**EXERCISE PROMPT:**
Look for the line with "Features: Carved in"; please transcribe it and every later line in the entries exactly, up to the end, leaving pictures out.

======== EXERCISE DATA

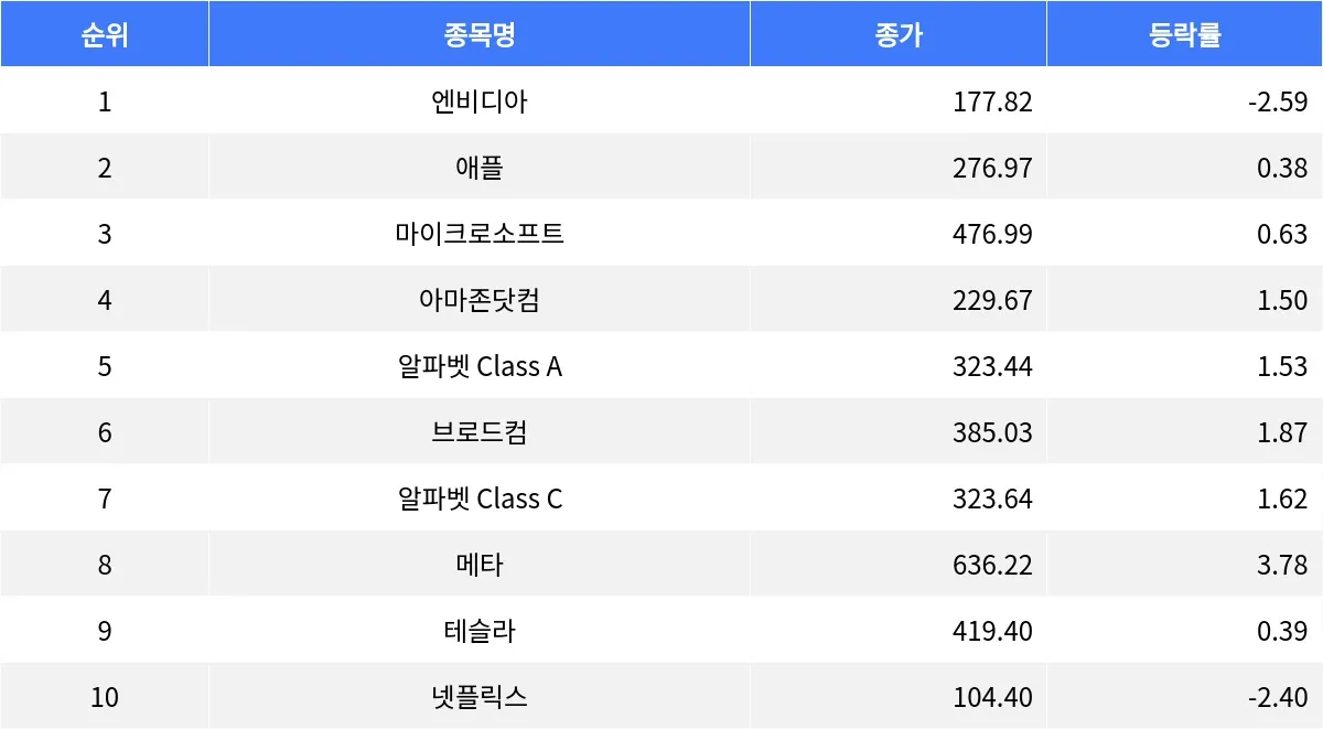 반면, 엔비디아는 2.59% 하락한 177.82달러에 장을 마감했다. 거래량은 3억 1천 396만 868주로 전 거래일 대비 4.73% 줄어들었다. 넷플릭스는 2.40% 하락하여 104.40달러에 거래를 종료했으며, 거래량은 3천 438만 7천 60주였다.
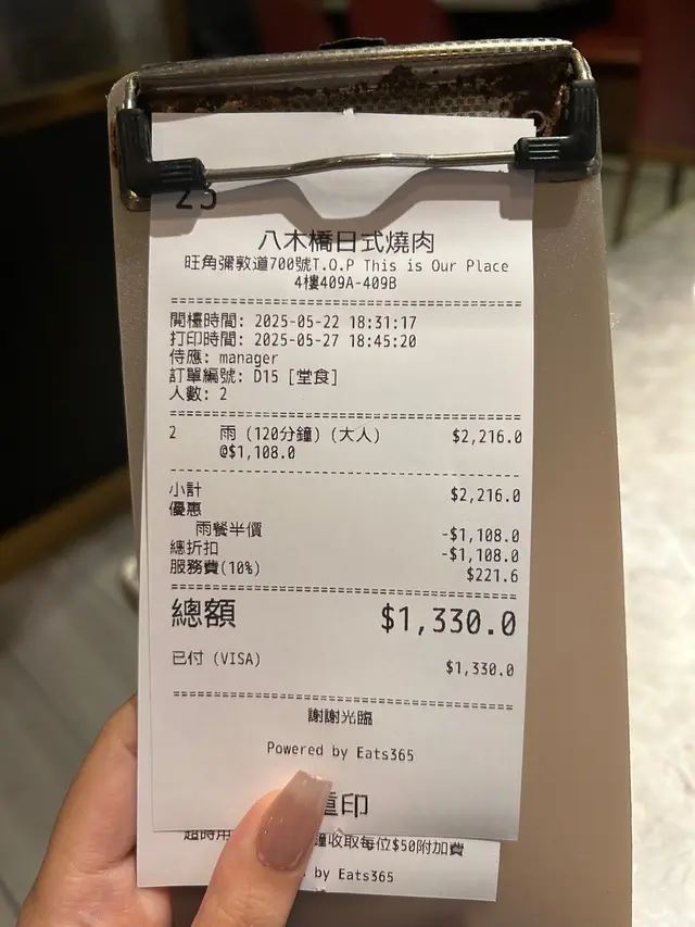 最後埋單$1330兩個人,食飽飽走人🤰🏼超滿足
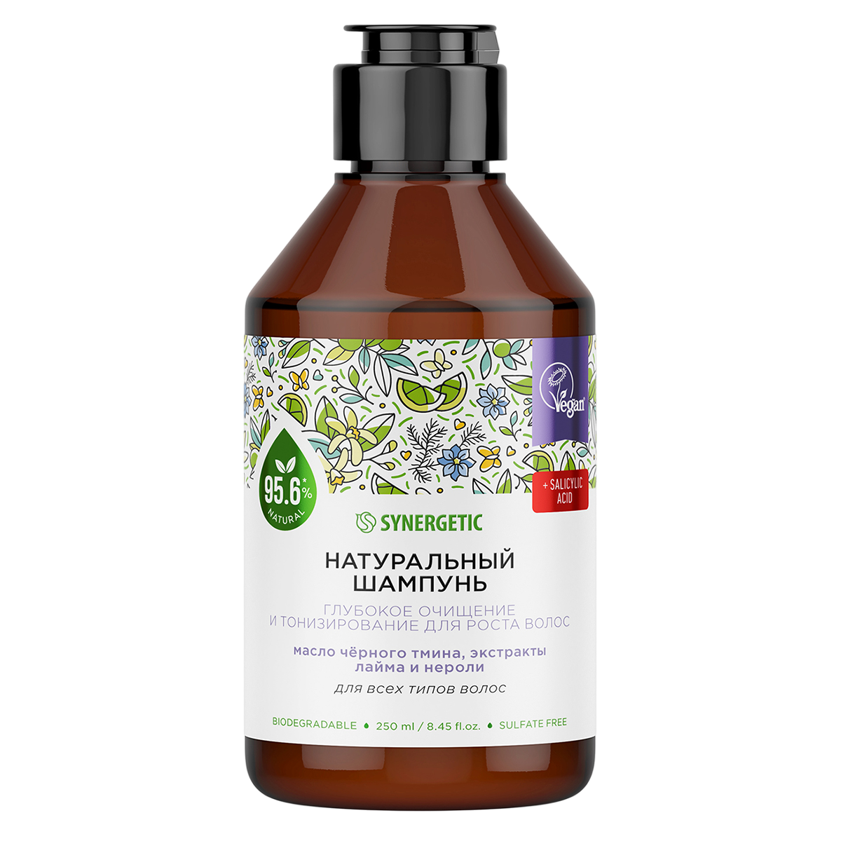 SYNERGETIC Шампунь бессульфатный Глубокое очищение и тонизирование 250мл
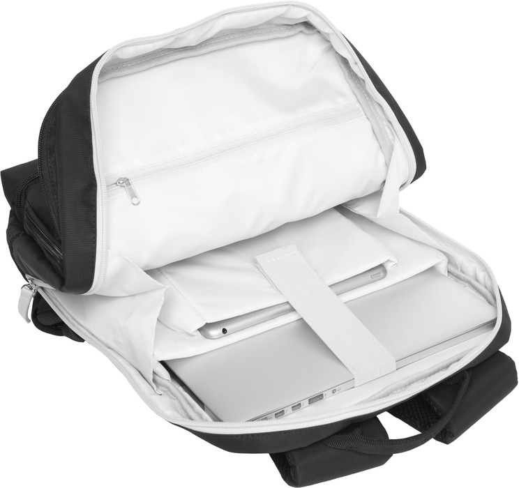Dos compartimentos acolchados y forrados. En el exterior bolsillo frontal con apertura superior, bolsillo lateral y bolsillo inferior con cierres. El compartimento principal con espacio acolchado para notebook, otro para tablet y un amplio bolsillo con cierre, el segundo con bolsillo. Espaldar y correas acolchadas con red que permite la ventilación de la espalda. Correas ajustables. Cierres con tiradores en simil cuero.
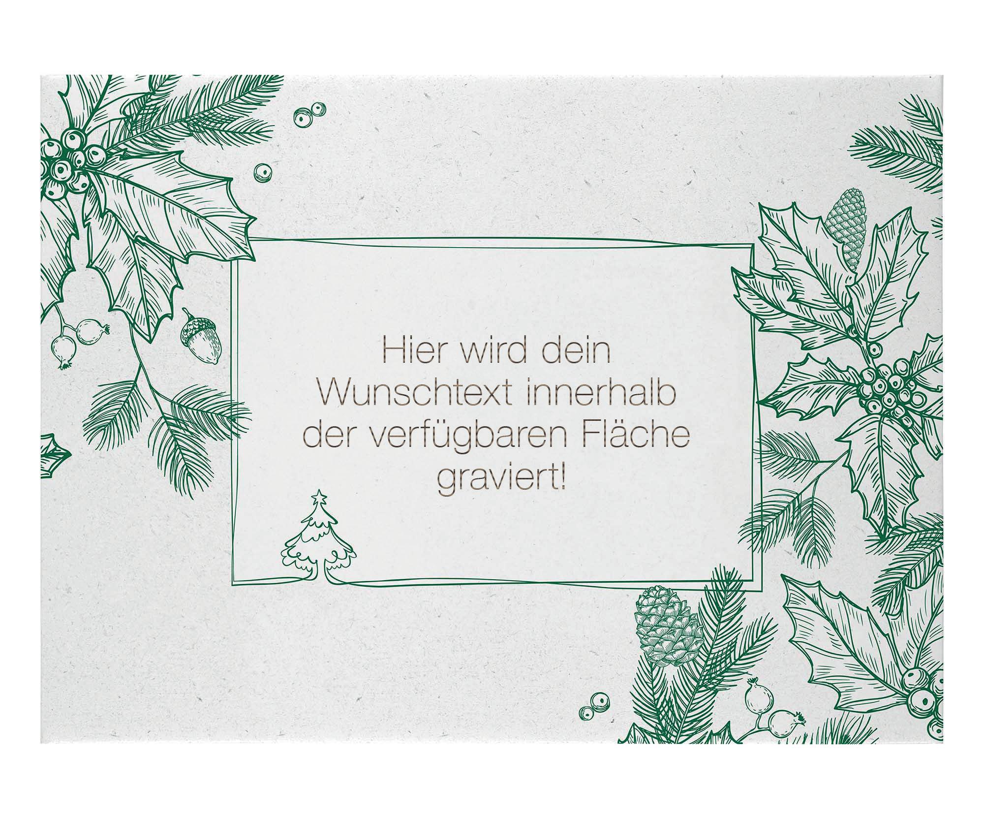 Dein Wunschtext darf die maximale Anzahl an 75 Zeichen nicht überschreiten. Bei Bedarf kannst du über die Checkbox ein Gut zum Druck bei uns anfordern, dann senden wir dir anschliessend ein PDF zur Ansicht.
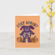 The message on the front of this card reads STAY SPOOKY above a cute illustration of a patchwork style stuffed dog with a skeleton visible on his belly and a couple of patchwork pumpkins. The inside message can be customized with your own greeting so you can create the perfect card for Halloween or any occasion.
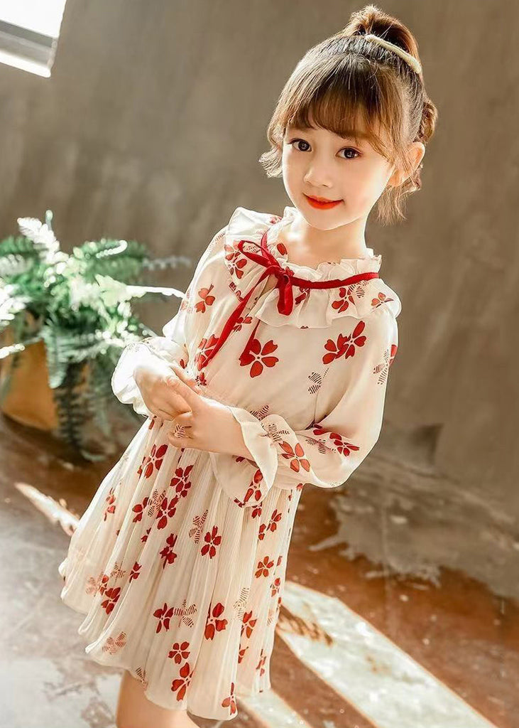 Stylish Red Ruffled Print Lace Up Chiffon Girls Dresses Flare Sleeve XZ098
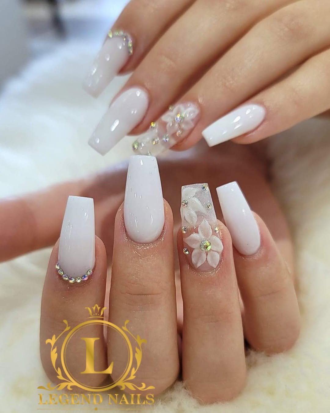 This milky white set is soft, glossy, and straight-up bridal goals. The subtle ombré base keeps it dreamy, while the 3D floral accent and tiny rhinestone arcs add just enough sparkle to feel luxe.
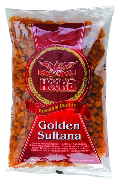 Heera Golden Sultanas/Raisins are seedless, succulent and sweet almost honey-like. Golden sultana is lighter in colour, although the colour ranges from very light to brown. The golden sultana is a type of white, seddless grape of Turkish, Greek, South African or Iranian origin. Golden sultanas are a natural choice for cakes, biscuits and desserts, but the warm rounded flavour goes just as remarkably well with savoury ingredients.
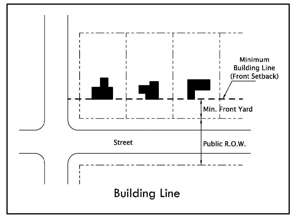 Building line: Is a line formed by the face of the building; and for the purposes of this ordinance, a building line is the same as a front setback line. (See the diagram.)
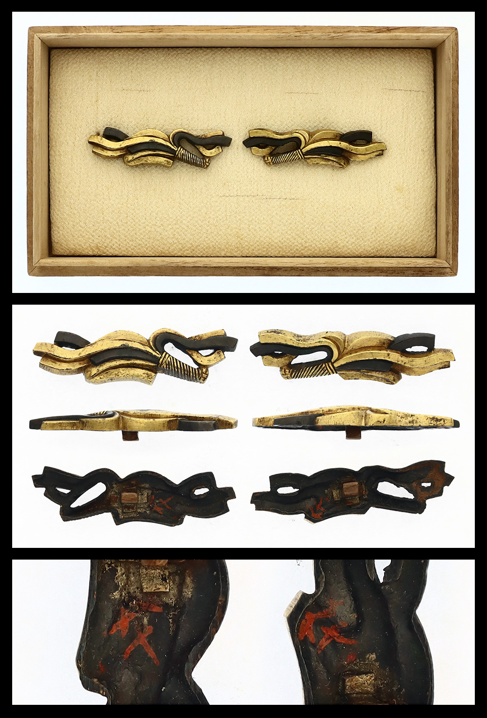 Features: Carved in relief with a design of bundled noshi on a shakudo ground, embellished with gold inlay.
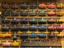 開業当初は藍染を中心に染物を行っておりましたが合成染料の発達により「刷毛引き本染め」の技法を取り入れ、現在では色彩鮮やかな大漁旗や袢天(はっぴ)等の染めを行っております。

================

**EXERCISE OUTPUT:**
 Features: Carved in relief with a design of bundled noshi on a shakudo ground, embellished with gold inlay.
 開業当初は藍染を中心に染物を行っておりましたが合成染料の発達により「刷毛引き本染め」の技法を取り入れ、現在では色彩鮮やかな大漁旗や袢天(はっぴ)等の染めを行っております。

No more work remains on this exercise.